● DATASET EXCERPT:
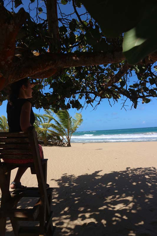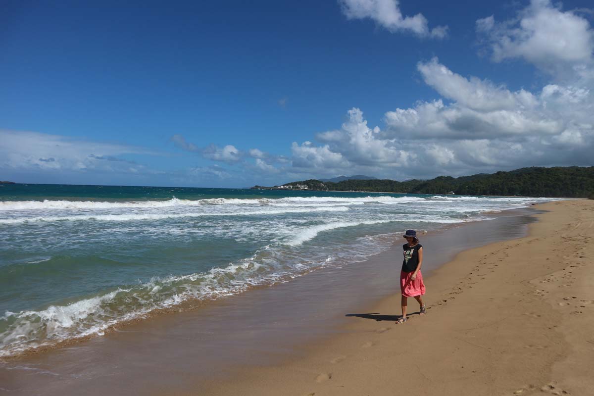 Починаємо наш маршрут, хвилин за 30 дісталися до траси і не встигнувши моргнути, нас уже віз бусик до Домінікуса. Але оскільки ми були єдині пасажири, а бусик, мабуть, належав якомусь готелю, то водій з радістю відвіз нас прямо до входу в національний парк, що знаходився у далекому пішому кінці Домінікуса. Ми в черговий раз пораділи як швидко і просто тут все вирішується з транспортом. Але так і не придбали із собою у похід воду. На щастя, береговий охоронець п’ятизіркового готелю нам з радістю наповнив пляшку. На сьогодні у нас маршрут нескінченною береговою лінією. З одного боку джунглі, з іншого — безлюдний пляж. Ми це називаємо сафарі. Така традиція саме і з’явилася у цій поїздці.
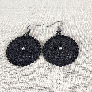 Fashion earrings, Black filagree laced design, clear stones, pierced earrings
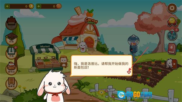 进入游戏主界面后,能看到农场之类的功能建筑,按照洛普比的要求进行互动,就能启动CarrotBakery的面包店经营流程。

● PROBLEM STATEMENT: Every line of the data above should be returned exactly, with the pictures removed.

● ANSWER FOR THIS EXERCISE:
 Починаємо наш маршрут, хвилин за 30 дісталися до траси і не встигнувши моргнути, нас уже віз бусик до Домінікуса. Але оскільки ми були єдині пасажири, а бусик, мабуть, належав якомусь готелю, то водій з радістю відвіз нас прямо до входу в національний парк, що знаходився у далекому пішому кінці Домінікуса. Ми в черговий раз пораділи як швидко і просто тут все вирішується з транспортом. Але так і не придбали із собою у похід воду. На щастя, береговий охоронець п’ятизіркового готелю нам з радістю наповнив пляшку. На сьогодні у нас маршрут нескінченною береговою лінією. З одного боку джунглі, з іншого — безлюдний пляж. Ми це називаємо сафарі. Така традиція саме і з’явилася у цій поїздці.
 Fashion earrings, Black filagree laced design, clear stones, pierced earrings
 进入游戏主界面后,能看到农场之类的功能建筑,按照洛普比的要求进行互动,就能启动CarrotBakery的面包店经营流程。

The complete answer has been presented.